La vieja campana de bronce daba su talán en esa escuela, los niños alborotados por el sofocante calor, salían apresurados hacia el camino que los llevaría hacia la poza cristalina de aquel río. Los más pequeños no tendrían tal dicha, de la mano de sus madres o sus abuelas, se irían hacia sus casas, en su mayoría de adobe y bahareque. El callejón -en medio del cafetal- se contentaba cuando sentía las pisadas y las carcajadas de aquellos niños, que iban a refrescarse en la más famosa poza de ese pueblo josefino.

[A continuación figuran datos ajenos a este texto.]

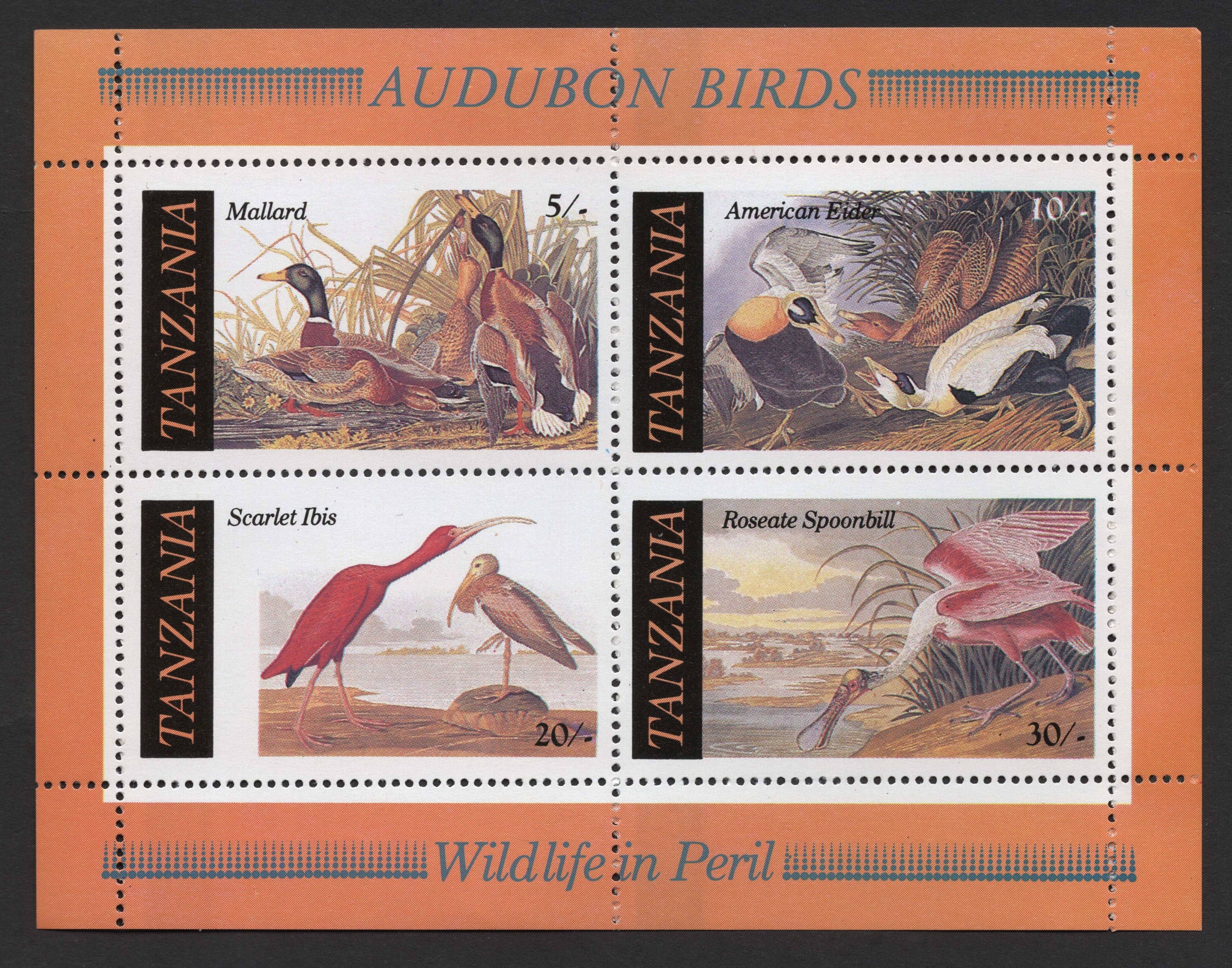 Scg1436 - tanzania "audubon birds – wildlife in peril" miniature sheet

Allá se veía al maestro Casimiro, iba detrás de sus estudiantes, siempre los cuidaba con tal de evitar que alguno de ellos se subiera en una rama muy alta o más arriba en la piedra que estaba justo en frente de la refrescante poza. El río también se sentía feliz, sus aguas complacían a esos infantes que olvidaban la escuela, las cogidas de café y los trabajos que muchos de ellos hacían con sus padres en el cafetal. De regreso al pueblo, con los pies descalzos y sus ropas empapadas, sentían esos niños un extraño escalofrío cuando pasaban en frente de aquella casa de bahareque, completamente cubierta de una especie de enredadera que, apenas dejaba notar la vieja puerta de madera. Ninguno de esos estudiantes había entrado jamás en esa extraña vivienda, decían que, era habitada por una mujer que practicaba la brujería y que tan sólo salía en la noche. Nadie le había visto por el pueblo durante el día. Iban caminando en medio del cafetal.

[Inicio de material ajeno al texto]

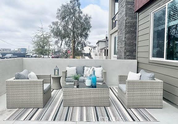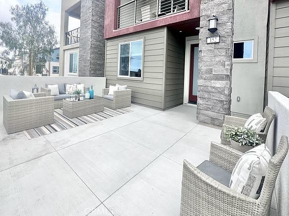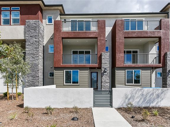 Welcome to this contemporary beautiful townhome is situated in a highly sought-after location renowned for its beautiful neighborhoods, exceptional schools, and convenient access to various amenities and entertainment options. It boasts a generous living space of 2,031 square feet, featuring three bedrooms with ensuite bathrooms, double balconies, a 2-car attached garage with direct access, and carpeted flooring in the bedrooms and tile flooring in the bathrooms. As you enter the home, you are welcomed by a big private enclosed patio, and on the first floor, you'll find a quiet and cozy bedroom with a walk-in closet and bathroom. The second level offers luxurious tile flooring throughout the bright and spacious living room, a large sliding door that leads to a balcony, a dining area, and a gourmet kitchen with modern appliances and easy-to-use cabinet drawers with sliding shelves. The master bedroom, third bedroom, and laundry area are conveniently located on the third level. This immaculate home is situated in The Great Park Solis Park, within walking distance to Portola High School, Solis Park K-8, community Pool/Club entertainment area, and kids playgrounds, making it an absolute must-see property.

-¿Es cierto que ahí vive una bruja?

-Mi abuela dice que sí, que es media curandera, que hace extraños menjurjes y hasta maleficios.

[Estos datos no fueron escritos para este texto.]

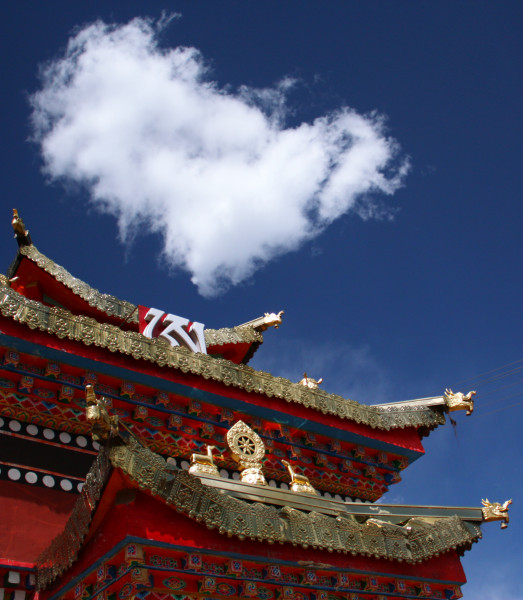 湛蓝的天空,悠闲的云,斑驳的红墙,放肆的花,我醉倒在这高山佛国的阳光下,恍惚听见谁在轻唤,千万不要来色达啊,孽深亦或缘浅,终成一生无尽的挂牵。

-Es raro, yo nunca la he visto por el pueblo, dicen que no sale durante el día.

-Abuela sí la ha visto, dice que sale en las noches a llenar un cántaro con agua del río, pero nunca ha visto su rostro.

En ese callejón de vuelta al pueblo, iban conversando aquellos dos amigos y compañeros de la escuela, Maximiliano y Atanacio. La intriga y el deseo de saber más de esa mujer, invadía las mentes infantiles de esos niños ávidos e inquietos, querían saber si realmente en esa misteriosa vivienda vivía una bruja.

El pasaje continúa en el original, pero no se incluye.